Für Deutschland, mit derzeitigen Ausgaben von 1,22 Prozent der Wirtschaftsleistung, bedeutet das 25 Milliarden Euro Mehrausgaben für die Sicherheit.Mit einer jährlichen Steigerung der Militärausgaben von 8 Prozent, könnte auch Deutschland das vereinbarte Ziel bis 2024 erreichen. So sicherte Angela Merkel den USA zwar mehr Verteidigungsanstrengungen zu, wies aber auch darauf hin, dass eine „kleinliche“ Auslegung der zwei Prozent nicht hilfreich ist. Es könne nicht bedeuten, dass diese Mehrleistungen ausschließlich in Militärausgaben fließen. Sicherheit bedeute auch verstärkte finanzielle Aufwendungen für Konfliktprävention, Entwicklung und humanitäre Hilfe, die im Rahmen einer multilateralen Zusammenarbeit geleistet werden müssen. „Lassen Sie uns gemeinsam die Welt besser machen, dann wird es für jeden Einzelnen von uns auch besser“, so die Kanzlerin.

Streitpunkt Ukraine 

Während Pence der Presse für Fragen nicht zur Verfügung stand und sich auch sonst nicht öffentlich zur Zukunft der transatlantischen Zusammenarbeit äußerte, ließ der russische Außenminister Sergej Lawrow die Welt wissen, sie befinde sich in einer „post-westlichen Ordnung“ und die NATO sei immer noch eine Kalte-Kriegs-Organisation. Er reagierte damit auch auf die im Vorfeld der Konferenz von Trump geäußerte Forderung, die russische Regierung müsse die „Gewalt in der Ukraine deeskalieren und die Krim zurückgeben“. Laut Lawrow habe die Ausdehnung der NATO nach Osten neue Spannungen in Europa geschaffen.

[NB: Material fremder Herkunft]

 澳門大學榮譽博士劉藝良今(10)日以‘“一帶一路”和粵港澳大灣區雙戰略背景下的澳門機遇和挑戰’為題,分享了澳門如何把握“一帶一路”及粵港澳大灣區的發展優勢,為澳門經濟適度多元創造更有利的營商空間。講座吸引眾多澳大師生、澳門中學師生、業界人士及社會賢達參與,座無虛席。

Trump: Russland soll die Krim zurückgeben

US-Präsident Donald Trump fordert Russland nach Angaben seines Sprechers auf, die Krim-Halbinsel wieder der Ukraine zu überlassen.

Noch vor Trumps Amtsantritt hatte dieser anerkennende Worte für den russischen Staatschef Wladimir Putin gefunden. In München wiederholte Pence nun erneut die Forderung, das Minsker-Friedensabkommen für die Ukraine umzusetzen und betonte, dass die USA Russland dafür „verantwortlich“ machen würden. In diesem Zusammenhang befürwortete Pence die EU-Sanktionen gegen Russland. Dennoch würden die USA den Dialog mit Moskau suchen und das auch von den Europäern erwarten.

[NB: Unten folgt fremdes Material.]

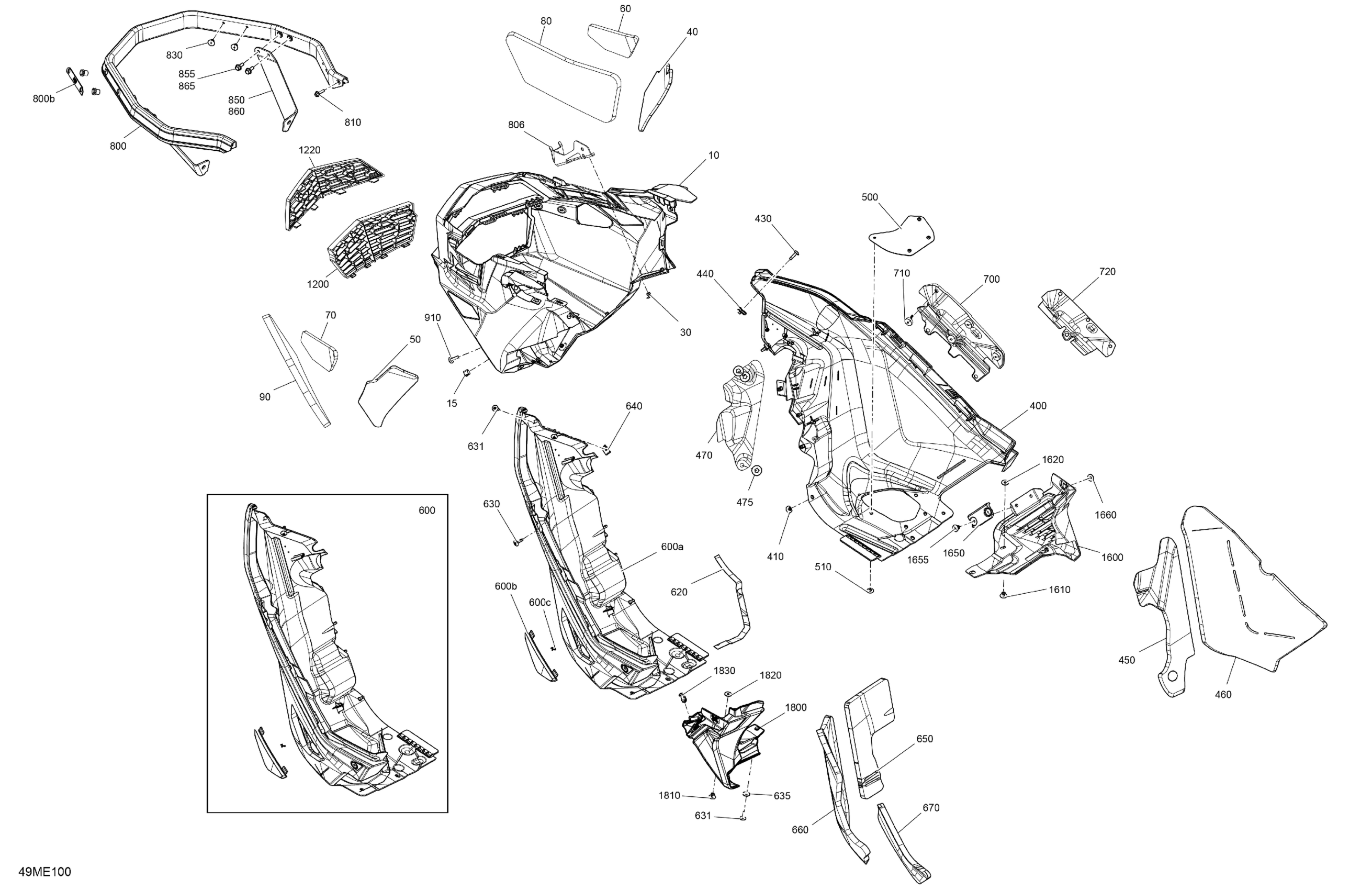 Ski-Doo Europe - EXPEDITION - 900 ACE - LE - AASA - Deep Black - 154X20X1.5CST Track - 2025 07- Body - Bottom Pan Diagram

Auch Lawrow bot eine Zusammenarbeit unter“pragmatischen“ Bedingungen an. Als Zeichen haben Vertreter Deutschlands, Frankreichs, Russlands und der Ukraine zunächst den Waffenstillstand für die Ukraine bekräftigt.

EU-Außenpolitik – aber wo geht es hin?

Wie sieht der internationale Kampf gegen den Terror aus? Was wird aus Syrien? Wie geht es im Nahost-Konflikt weiter? In vielen Fragen der amerikanischen Außenpolitik tappen die Europäer auch nach der Konferenz im Dunkeln. Eines hat das Treffen der europäischen Staatschefs jedoch gezeigt, der Zusammenhalt der Staatengemeinschaft ist jetzt wichtiger denn je – sowohl zur Durchsetzung europäischer Interessen, als auch zur Erhaltung einer transatlantischen Partnerschaft mit einer US-amerikanischen Regierung, deren Zuverlässigkeit zur Zeit auf dem Prüfstand steht. Und so war die zentrale Botschaft der europäischen Teilnehmer und von UN-Generalsekretär Antonio Guterres, dass keine Nation in einer globalisierten Welt bei der Lösung von Problemen alleine vorgehen könne.

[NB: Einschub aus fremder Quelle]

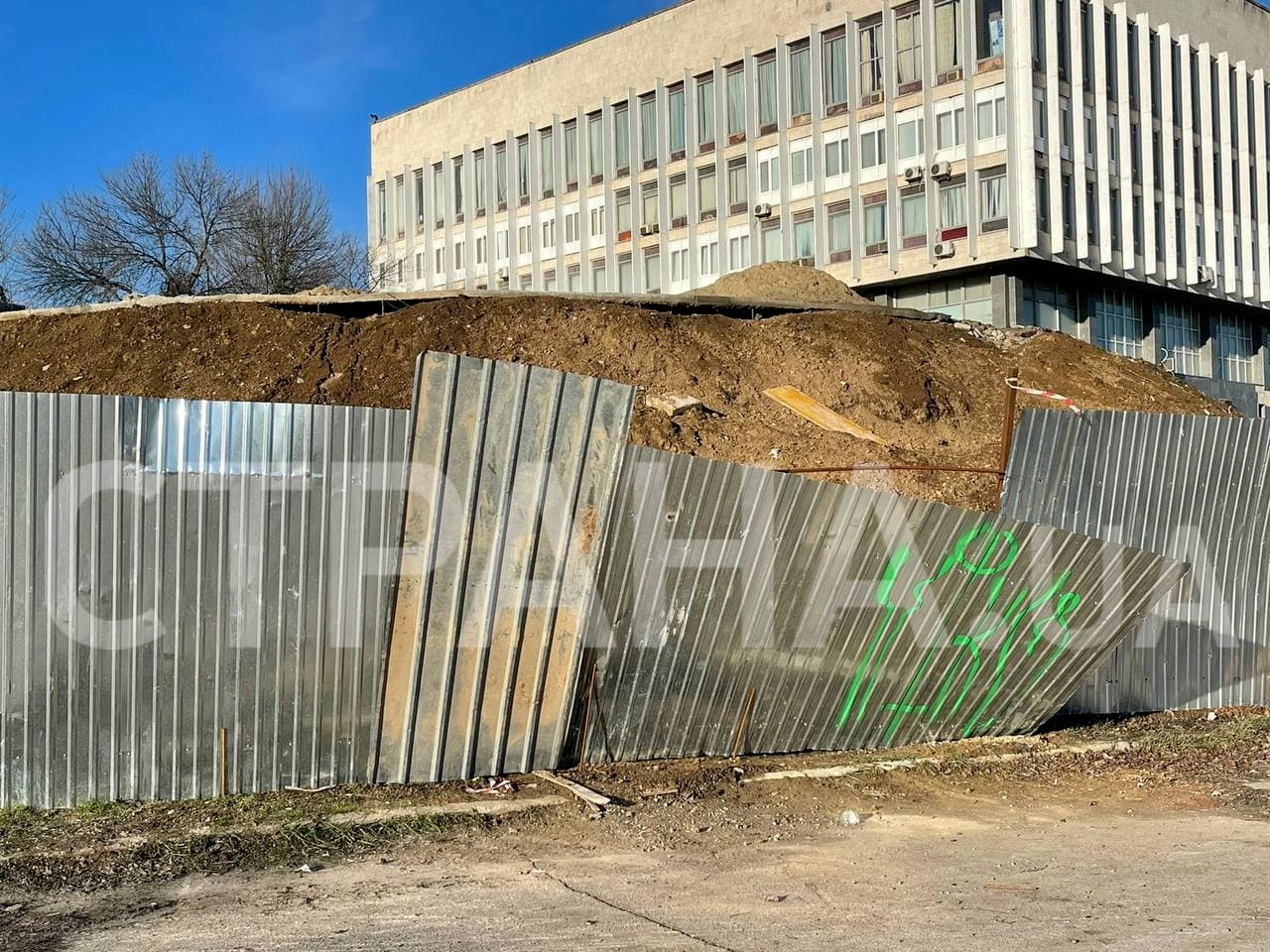 На кадрах можно заметить, что восстанавливать рухнувший флагшток никто не стал. Вместо этого у забора разместили изображение флагштока.

Auch, wenn das außen- und sicherheitspolitische Konzept von Donald Trump noch unklar ist und sich erst bei dessen Europa-Besuch im Mai offenbaren könnte, so lohnt es sich laut Merkel, „für die internationalen, gemeinsamen multilateralen Strukturen zu kämpfen“,  aber vor allem an der europäischen Innen- und Außenpolitik, „an vielen Stellen zu verbessern“.